WHAT THE TASK REQUIRES :: Transcribe, exactly and without pictures, the lines below from the line with "Reversible cotton face" to the line with "La Municipalidad de", both ends included, and no others.

DATA SUPPLIED ::
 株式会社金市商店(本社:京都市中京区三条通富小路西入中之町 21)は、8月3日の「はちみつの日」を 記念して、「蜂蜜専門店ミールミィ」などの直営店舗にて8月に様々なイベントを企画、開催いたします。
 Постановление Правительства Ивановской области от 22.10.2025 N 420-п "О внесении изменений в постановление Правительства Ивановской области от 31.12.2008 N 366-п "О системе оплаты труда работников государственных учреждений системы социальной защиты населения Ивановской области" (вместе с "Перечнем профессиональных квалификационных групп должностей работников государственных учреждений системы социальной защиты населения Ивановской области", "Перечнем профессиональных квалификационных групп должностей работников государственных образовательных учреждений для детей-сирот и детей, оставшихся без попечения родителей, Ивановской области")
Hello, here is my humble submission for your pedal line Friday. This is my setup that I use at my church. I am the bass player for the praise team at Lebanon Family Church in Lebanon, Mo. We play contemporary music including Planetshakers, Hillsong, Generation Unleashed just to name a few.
* * *
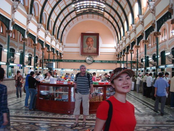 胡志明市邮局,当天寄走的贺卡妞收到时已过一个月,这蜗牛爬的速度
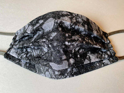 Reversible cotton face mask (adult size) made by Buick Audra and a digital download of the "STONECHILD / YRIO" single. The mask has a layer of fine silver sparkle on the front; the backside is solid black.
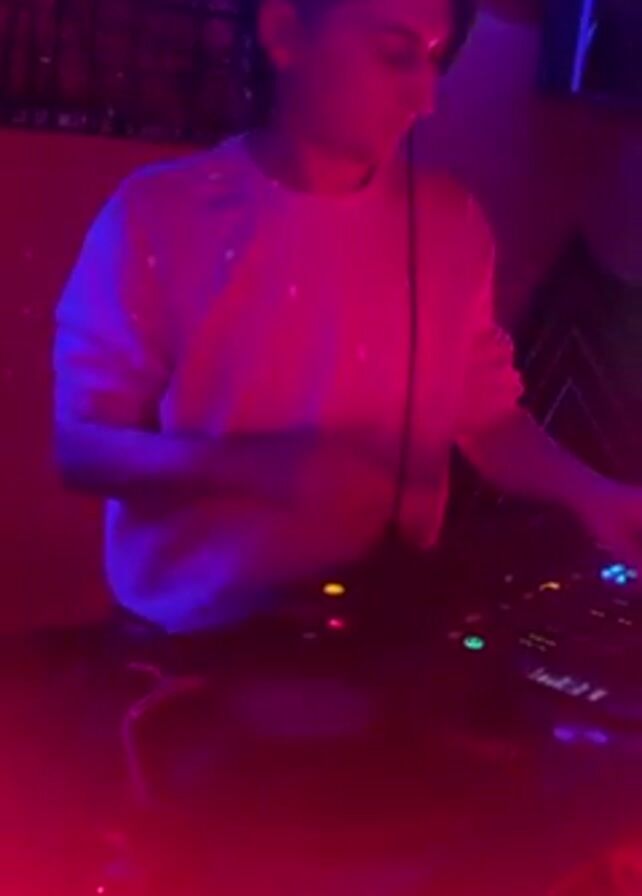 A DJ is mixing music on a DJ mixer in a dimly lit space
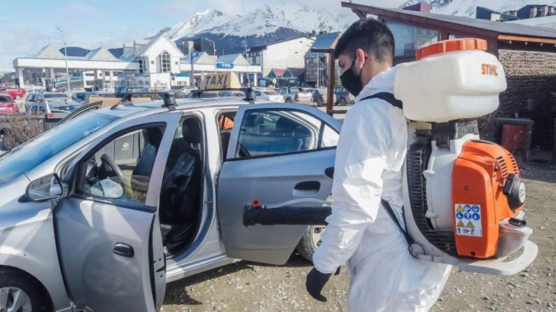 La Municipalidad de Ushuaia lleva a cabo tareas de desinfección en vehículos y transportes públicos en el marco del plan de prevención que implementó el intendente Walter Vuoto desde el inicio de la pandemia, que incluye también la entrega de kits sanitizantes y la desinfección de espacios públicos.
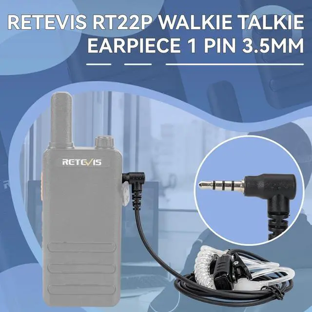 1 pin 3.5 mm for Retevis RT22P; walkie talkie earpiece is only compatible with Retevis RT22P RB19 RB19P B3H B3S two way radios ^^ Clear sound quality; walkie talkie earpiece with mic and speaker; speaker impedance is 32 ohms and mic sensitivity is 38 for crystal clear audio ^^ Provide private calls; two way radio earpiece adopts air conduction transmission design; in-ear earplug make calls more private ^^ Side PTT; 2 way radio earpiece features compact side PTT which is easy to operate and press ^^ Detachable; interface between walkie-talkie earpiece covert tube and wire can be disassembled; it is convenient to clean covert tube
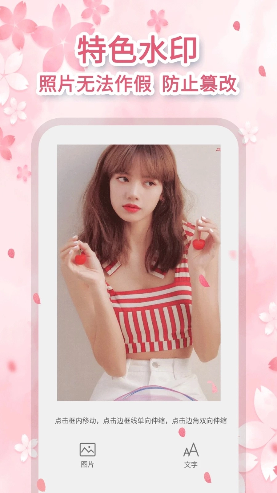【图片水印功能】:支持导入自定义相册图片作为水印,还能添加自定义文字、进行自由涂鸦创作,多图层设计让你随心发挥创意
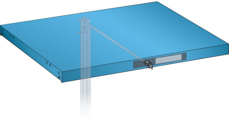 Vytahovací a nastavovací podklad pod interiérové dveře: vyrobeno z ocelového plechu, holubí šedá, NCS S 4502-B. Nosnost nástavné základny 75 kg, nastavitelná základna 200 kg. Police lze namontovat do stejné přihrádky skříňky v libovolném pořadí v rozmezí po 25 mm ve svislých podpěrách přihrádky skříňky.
---
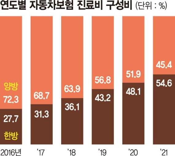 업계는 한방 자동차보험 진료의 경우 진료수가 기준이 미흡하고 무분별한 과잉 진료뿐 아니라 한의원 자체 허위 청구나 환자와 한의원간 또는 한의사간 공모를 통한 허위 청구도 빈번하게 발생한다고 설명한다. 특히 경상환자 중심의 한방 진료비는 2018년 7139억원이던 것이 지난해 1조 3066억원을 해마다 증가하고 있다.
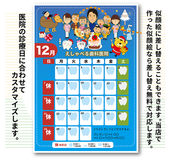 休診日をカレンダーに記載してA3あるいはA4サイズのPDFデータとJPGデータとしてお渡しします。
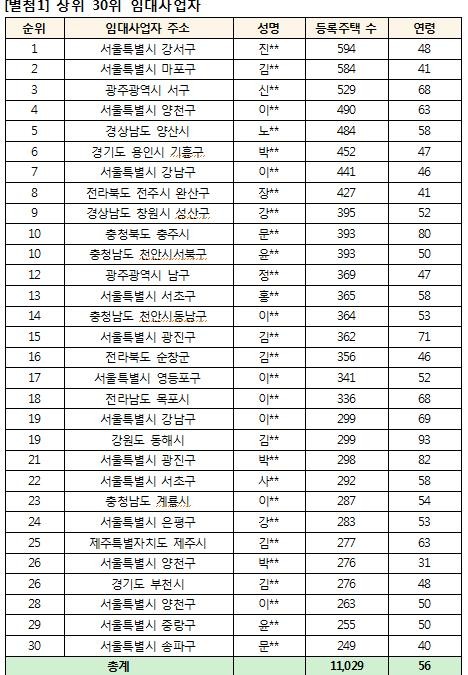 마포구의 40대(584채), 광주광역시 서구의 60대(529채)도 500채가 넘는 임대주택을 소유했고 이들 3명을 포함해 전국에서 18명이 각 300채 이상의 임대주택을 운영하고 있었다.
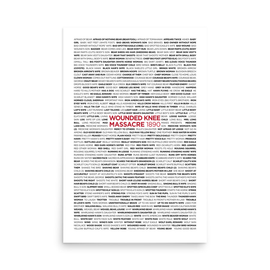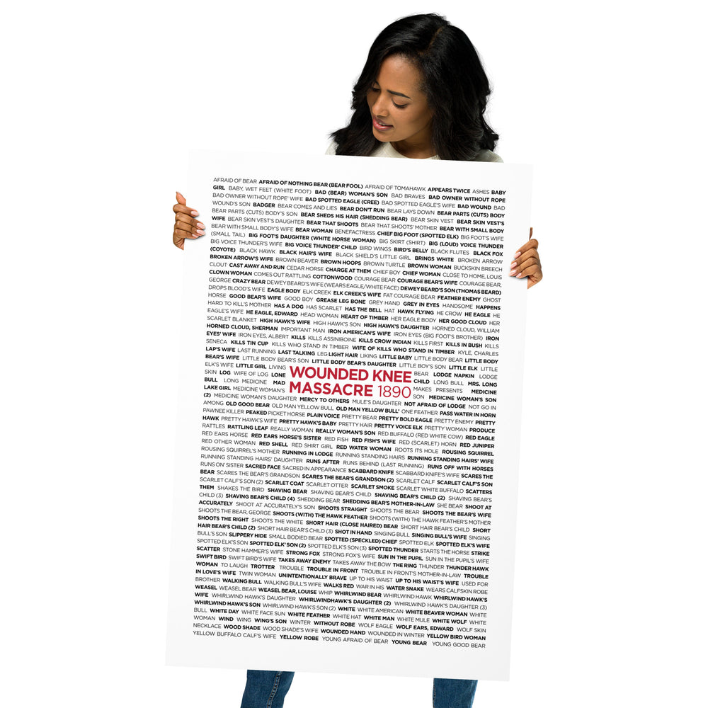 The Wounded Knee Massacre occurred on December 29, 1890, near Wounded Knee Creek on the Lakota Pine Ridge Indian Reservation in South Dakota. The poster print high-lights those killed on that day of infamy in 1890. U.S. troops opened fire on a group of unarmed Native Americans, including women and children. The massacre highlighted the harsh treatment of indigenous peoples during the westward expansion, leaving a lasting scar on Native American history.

SOLVED PROBLEM ::
 Reversible cotton face mask (adult size) made by Buick Audra and a digital download of the "STONECHILD / YRIO" single. The mask has a layer of fine silver sparkle on the front; the backside is solid black.
 A DJ is mixing music on a DJ mixer in a dimly lit space
 La Municipalidad de Ushuaia lleva a cabo tareas de desinfección en vehículos y transportes públicos en el marco del plan de prevención que implementó el intendente Walter Vuoto desde el inicio de la pandemia, que incluye también la entrega de kits sanitizantes y la desinfección de espacios públicos.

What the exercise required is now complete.